=== DATA EXTRACTS ===

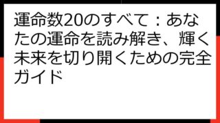 運命数2025が示す未来:秘められた可能性と成功への道標 この記事では、運命数2025というキーワードに焦点を当て、その秘められた意味を探求します。 あなたの生年月日や、特定の年号に関わる数字から導き出される運命数。 それが、あなたの人生に...
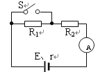 (11分)如图所示,R1=5Ω,R2=9Ω。当开关S断开时,电流表的示数为I=0.2A;当开关S闭合时,电流表的示数为
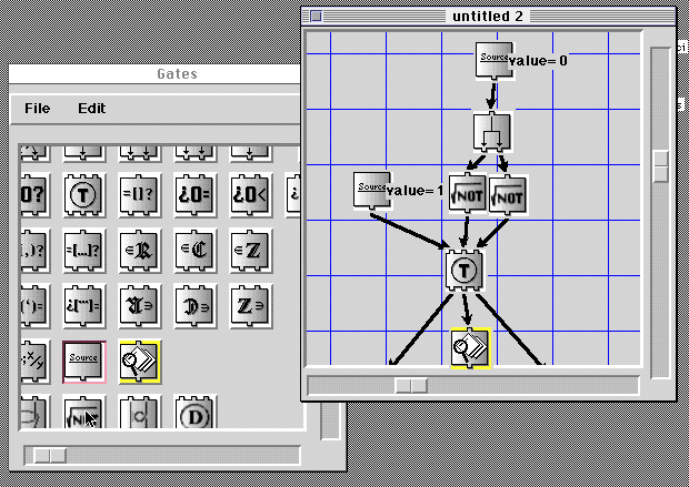 space.The right hand window is of course one of the editting windows illustrating the general style. Challenge question for the bored : given that T is the standard Toffoli gate - in permutation notation it is ([110][111]) - what is the distribution of observations as produced by the measurement at the bottom?
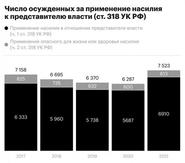 В 2021 году число осужденных за применение насилия по отношению к представителю власти (ст. 318 УК) составило 7523 человека. Большей части — 6910 человек — приговор вынесли по ч. 1 ст. 318 УК (применение неопасного для жизни или здоровья насилия); 613 человек осудили за насилие, представляющее такую опасность.
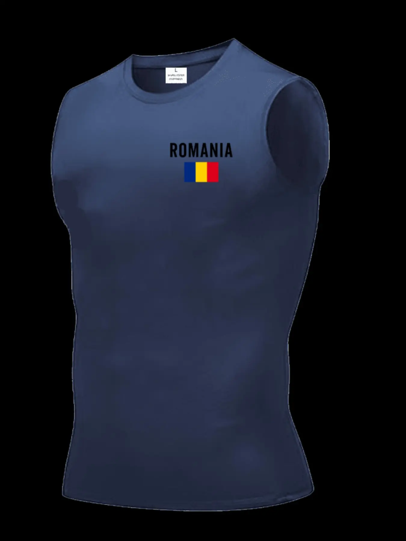 Men's Short Sleeve Sporty Top, Quick-Dry Breathable Fabric, Romania Pattern, Ideal for Gym, Running, Boxing, Outdoor Activities

===

PROBLEM REQUIREMENTS: Leaving the pictures out, give back each line above exactly.

EXPECTED ANSWER:
 運命数2025が示す未来:秘められた可能性と成功への道標 この記事では、運命数2025というキーワードに焦点を当て、その秘められた意味を探求します。 あなたの生年月日や、特定の年号に関わる数字から導き出される運命数。 それが、あなたの人生に...
 (11分)如图所示,R1=5Ω,R2=9Ω。当开关S断开时,电流表的示数为I=0.2A;当开关S闭合时,电流表的示数为
 space.The right hand window is of course one of the editting windows illustrating the general style. Challenge question for the bored : given that T is the standard Toffoli gate - in permutation notation it is ([110][111]) - what is the distribution of observations as produced by the measurement at the bottom?
 В 2021 году число осужденных за применение насилия по отношению к представителю власти (ст. 318 УК) составило 7523 человека. Большей части — 6910 человек — приговор вынесли по ч. 1 ст. 318 УК (применение неопасного для жизни или здоровья насилия); 613 человек осудили за насилие, представляющее такую опасность.
 Men's Short Sleeve Sporty Top, Quick-Dry Breathable Fabric, Romania Pattern, Ideal for Gym, Running, Boxing, Outdoor Activities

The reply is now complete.